> DIRECTIONS FOR THIS TASK: Reproduce the full listing exactly.
RECORDED INFORMATION START
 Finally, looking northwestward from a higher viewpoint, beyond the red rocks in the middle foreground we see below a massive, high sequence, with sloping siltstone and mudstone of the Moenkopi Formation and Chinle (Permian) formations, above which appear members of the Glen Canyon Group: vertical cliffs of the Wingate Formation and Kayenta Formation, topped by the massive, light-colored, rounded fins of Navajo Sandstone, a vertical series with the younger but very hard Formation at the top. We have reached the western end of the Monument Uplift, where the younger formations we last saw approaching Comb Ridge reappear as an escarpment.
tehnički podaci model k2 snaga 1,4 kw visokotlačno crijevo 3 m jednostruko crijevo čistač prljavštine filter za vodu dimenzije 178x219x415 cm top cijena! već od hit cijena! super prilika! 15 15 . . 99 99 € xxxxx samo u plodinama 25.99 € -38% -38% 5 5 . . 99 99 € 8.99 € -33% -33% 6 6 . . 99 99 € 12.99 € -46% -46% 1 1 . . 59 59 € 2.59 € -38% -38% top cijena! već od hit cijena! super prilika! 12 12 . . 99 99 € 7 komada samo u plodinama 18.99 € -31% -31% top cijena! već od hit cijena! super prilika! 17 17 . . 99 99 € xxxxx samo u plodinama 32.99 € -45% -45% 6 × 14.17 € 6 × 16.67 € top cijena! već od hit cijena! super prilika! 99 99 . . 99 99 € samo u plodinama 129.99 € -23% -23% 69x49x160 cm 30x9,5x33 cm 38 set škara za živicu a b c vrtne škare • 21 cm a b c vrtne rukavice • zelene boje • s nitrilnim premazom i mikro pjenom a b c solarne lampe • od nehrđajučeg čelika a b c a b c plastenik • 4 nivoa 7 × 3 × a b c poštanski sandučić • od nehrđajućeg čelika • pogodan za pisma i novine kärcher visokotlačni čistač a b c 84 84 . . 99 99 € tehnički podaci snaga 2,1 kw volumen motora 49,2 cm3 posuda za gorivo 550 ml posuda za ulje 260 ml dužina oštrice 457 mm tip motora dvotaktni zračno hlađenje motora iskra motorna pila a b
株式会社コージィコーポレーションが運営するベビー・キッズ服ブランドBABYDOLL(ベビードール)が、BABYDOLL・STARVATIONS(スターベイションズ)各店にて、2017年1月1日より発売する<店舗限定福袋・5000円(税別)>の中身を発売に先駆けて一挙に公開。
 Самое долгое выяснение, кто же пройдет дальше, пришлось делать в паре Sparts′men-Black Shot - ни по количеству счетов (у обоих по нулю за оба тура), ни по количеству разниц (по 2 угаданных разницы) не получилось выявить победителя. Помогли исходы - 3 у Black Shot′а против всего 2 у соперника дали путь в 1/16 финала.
RECORDED INFORMATION END
> EXERCISE RESPONSE:
 Finally, looking northwestward from a higher viewpoint, beyond the red rocks in the middle foreground we see below a massive, high sequence, with sloping siltstone and mudstone of the Moenkopi Formation and Chinle (Permian) formations, above which appear members of the Glen Canyon Group: vertical cliffs of the Wingate Formation and Kayenta Formation, topped by the massive, light-colored, rounded fins of Navajo Sandstone, a vertical series with the younger but very hard Formation at the top. We have reached the western end of the Monument Uplift, where the younger formations we last saw approaching Comb Ridge reappear as an escarpment.
tehnički podaci model k2 snaga 1,4 kw visokotlačno crijevo 3 m jednostruko crijevo čistač prljavštine filter za vodu dimenzije 178x219x415 cm top cijena! već od hit cijena! super prilika! 15 15 . . 99 99 € xxxxx samo u plodinama 25.99 € -38% -38% 5 5 . . 99 99 € 8.99 € -33% -33% 6 6 . . 99 99 € 12.99 € -46% -46% 1 1 . . 59 59 € 2.59 € -38% -38% top cijena! već od hit cijena! super prilika! 12 12 . . 99 99 € 7 komada samo u plodinama 18.99 € -31% -31% top cijena! već od hit cijena! super prilika! 17 17 . . 99 99 € xxxxx samo u plodinama 32.99 € -45% -45% 6 × 14.17 € 6 × 16.67 € top cijena! već od hit cijena! super prilika! 99 99 . . 99 99 € samo u plodinama 129.99 € -23% -23% 69x49x160 cm 30x9,5x33 cm 38 set škara za živicu a b c vrtne škare • 21 cm a b c vrtne rukavice • zelene boje • s nitrilnim premazom i mikro pjenom a b c solarne lampe • od nehrđajučeg čelika a b c a b c plastenik • 4 nivoa 7 × 3 × a b c poštanski sandučić • od nehrđajućeg čelika • pogodan za pisma i novine kärcher visokotlačni čistač a b c 84 84 . . 99 99 € tehnički podaci snaga 2,1 kw volumen motora 49,2 cm3 posuda za gorivo 550 ml posuda za ulje 260 ml dužina oštrice 457 mm tip motora dvotaktni zračno hlađenje motora iskra motorna pila a b
株式会社コージィコーポレーションが運営するベビー・キッズ服ブランドBABYDOLL(ベビードール)が、BABYDOLL・STARVATIONS(スターベイションズ)各店にて、2017年1月1日より発売する<店舗限定福袋・5000円(税別)>の中身を発売に先駆けて一挙に公開。
 Самое долгое выяснение, кто же пройдет дальше, пришлось делать в паре Sparts′men-Black Shot - ни по количеству счетов (у обоих по нулю за оба тура), ни по количеству разниц (по 2 угаданных разницы) не получилось выявить победителя. Помогли исходы - 3 у Black Shot′а против всего 2 у соперника дали путь в 1/16 финала.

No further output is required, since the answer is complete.